Entries supplied section start

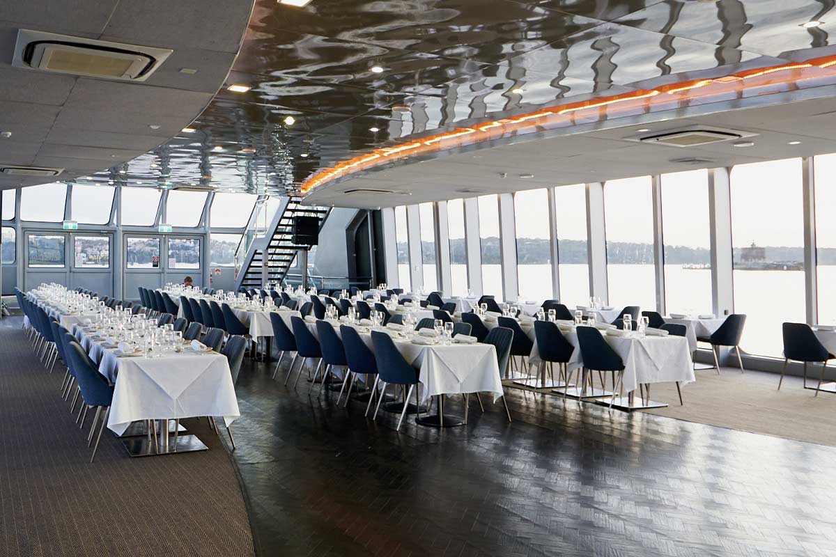 Boarding from King Street Wharf, your experience starts off with a welcome mimosa cocktail! You are shown to your reserved seats in a dining space with floor-to-ceiling windows offering 360° views of Sydney’s most iconic harbour sights. The multi-course buffet features an abundant spread of fresh salads, hot dishes and a dessert to finish – a restaurant-quality lunch served aboard a luxury cruising vessel.
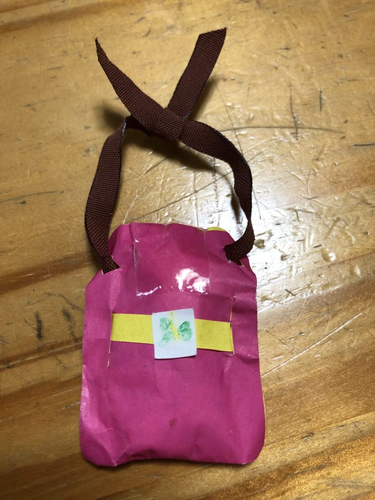 学校の名札に付けるミニミニお守りを作りました。折り紙とリボンを使いました。
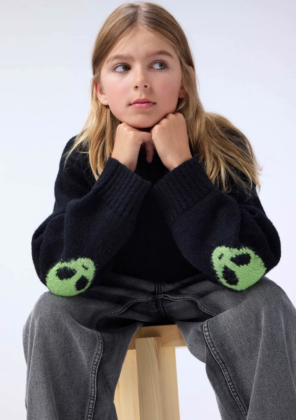 Denne sorte striktrøje fra Molo er lavet i en blød alpaka-uldblanding. Trøjen har en sjov detalje med vævede grønne alien på albuerne og ribstrik ved halsudskæringen, ærmerne og hofteområdet. Den har en almindelig pasform.
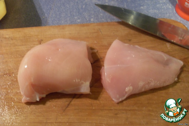 Широким ножом делаем надрез внутри, но не прорезаем до конца. Получается карман. Слегка отбиваем (я бы даже сказала приминаем), чтобы не разорвать стенки. Натираем солью и специями сверху и внутри. Отставляем в сторону.
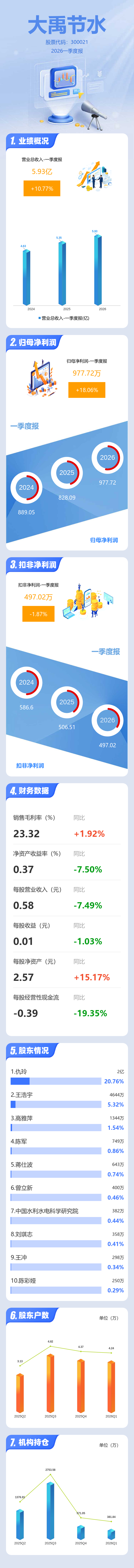 证券之星消息,大禹节水2026年一季报显示,一季度公司主营收入5.93亿元,同比上升10.78%;归母净利润977.72万元,同比上升18.07%;扣非净利润497.02万元,同比下降1.87%;负债率71.22%,投资收益-327.31万元,财务费用2415.18万元,毛利率23.32%。
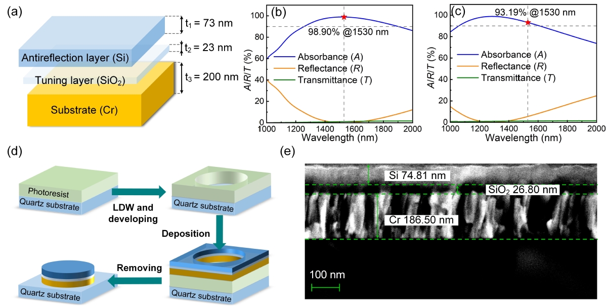 镀膜结构的制备与表征:(a)三层膜结构示意图;(b)镀膜反射率、吸收率和透过率的理论值;(c)镀膜反射率、吸收率和透过率的实测值;(d)镀膜流程示意图;(e)SEM截面图

Entries supplied section end

## How to complete this task
Retype the entries exactly, skipping every picture.

## Expected answer
 Boarding from King Street Wharf, your experience starts off with a welcome mimosa cocktail! You are shown to your reserved seats in a dining space with floor-to-ceiling windows offering 360° views of Sydney’s most iconic harbour sights. The multi-course buffet features an abundant spread of fresh salads, hot dishes and a dessert to finish – a restaurant-quality lunch served aboard a luxury cruising vessel.
 学校の名札に付けるミニミニお守りを作りました。折り紙とリボンを使いました。
 Denne sorte striktrøje fra Molo er lavet i en blød alpaka-uldblanding. Trøjen har en sjov detalje med vævede grønne alien på albuerne og ribstrik ved halsudskæringen, ærmerne og hofteområdet. Den har en almindelig pasform.
 Широким ножом делаем надрез внутри, но не прорезаем до конца. Получается карман. Слегка отбиваем (я бы даже сказала приминаем), чтобы не разорвать стенки. Натираем солью и специями сверху и внутри. Отставляем в сторону.
 证券之星消息,大禹节水2026年一季报显示,一季度公司主营收入5.93亿元,同比上升10.78%;归母净利润977.72万元,同比上升18.07%;扣非净利润497.02万元,同比下降1.87%;负债率71.22%,投资收益-327.31万元,财务费用2415.18万元,毛利率23.32%。
 镀膜结构的制备与表征:(a)三层膜结构示意图;(b)镀膜反射率、吸收率和透过率的理论值;(c)镀膜反射率、吸收率和透过率的实测值;(d)镀膜流程示意图;(e)SEM截面图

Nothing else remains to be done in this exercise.